What you will do: Exactly as written, return all the data, leaving its pictures behind.

Material provided:
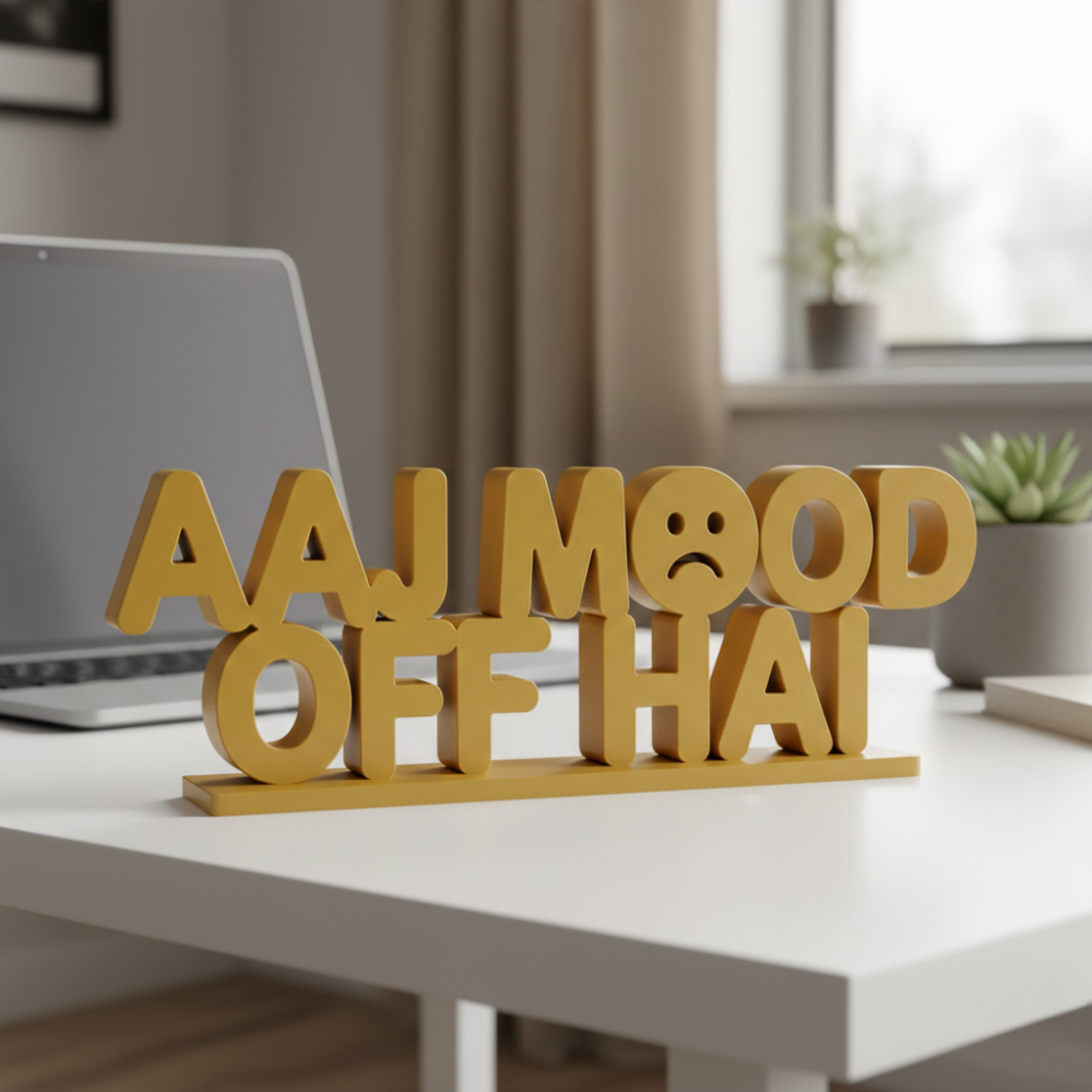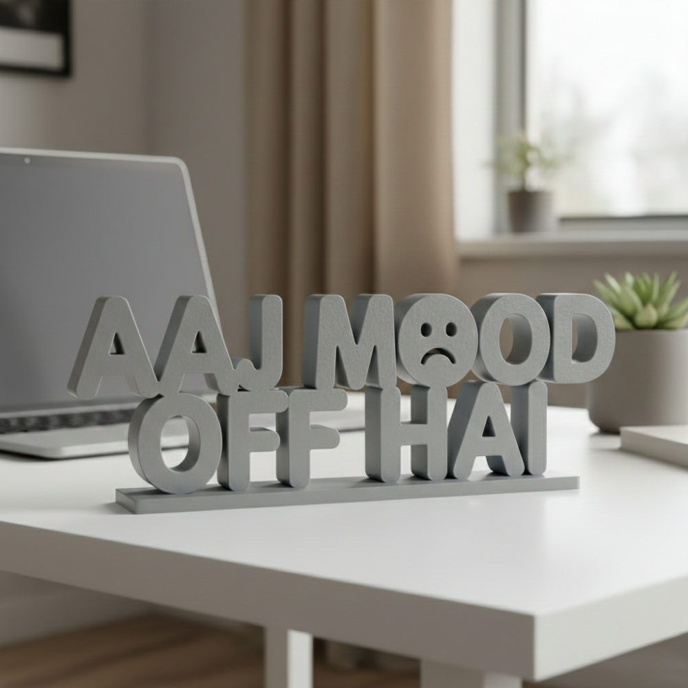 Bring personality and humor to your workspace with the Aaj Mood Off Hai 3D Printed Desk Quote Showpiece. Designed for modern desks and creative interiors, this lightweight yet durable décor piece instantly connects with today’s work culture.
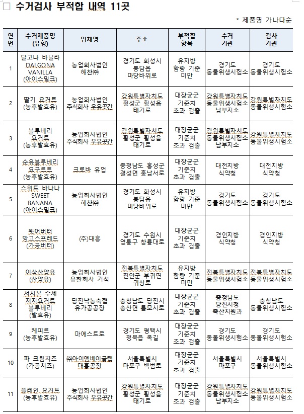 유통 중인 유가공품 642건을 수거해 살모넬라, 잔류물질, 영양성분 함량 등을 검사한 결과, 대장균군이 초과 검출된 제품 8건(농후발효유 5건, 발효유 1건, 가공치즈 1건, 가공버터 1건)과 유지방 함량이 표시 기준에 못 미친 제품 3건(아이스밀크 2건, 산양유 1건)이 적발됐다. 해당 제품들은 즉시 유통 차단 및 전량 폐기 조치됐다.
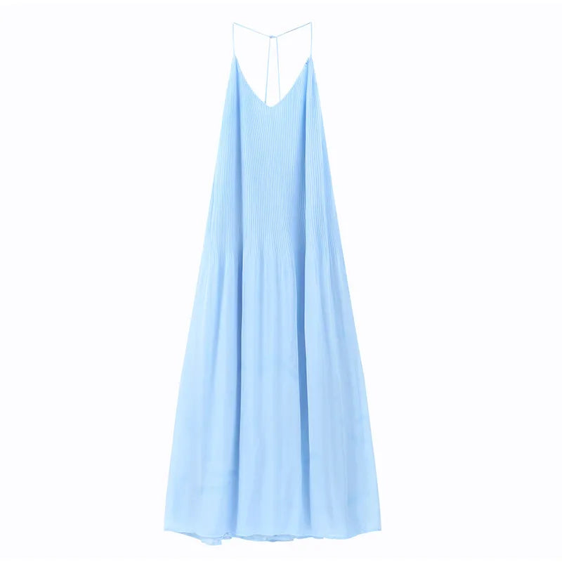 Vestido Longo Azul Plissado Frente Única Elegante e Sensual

Output for this task:
 Bring personality and humor to your workspace with the Aaj Mood Off Hai 3D Printed Desk Quote Showpiece. Designed for modern desks and creative interiors, this lightweight yet durable décor piece instantly connects with today’s work culture.
 유통 중인 유가공품 642건을 수거해 살모넬라, 잔류물질, 영양성분 함량 등을 검사한 결과, 대장균군이 초과 검출된 제품 8건(농후발효유 5건, 발효유 1건, 가공치즈 1건, 가공버터 1건)과 유지방 함량이 표시 기준에 못 미친 제품 3건(아이스밀크 2건, 산양유 1건)이 적발됐다. 해당 제품들은 즉시 유통 차단 및 전량 폐기 조치됐다.
 Vestido Longo Azul Plissado Frente Única Elegante e Sensual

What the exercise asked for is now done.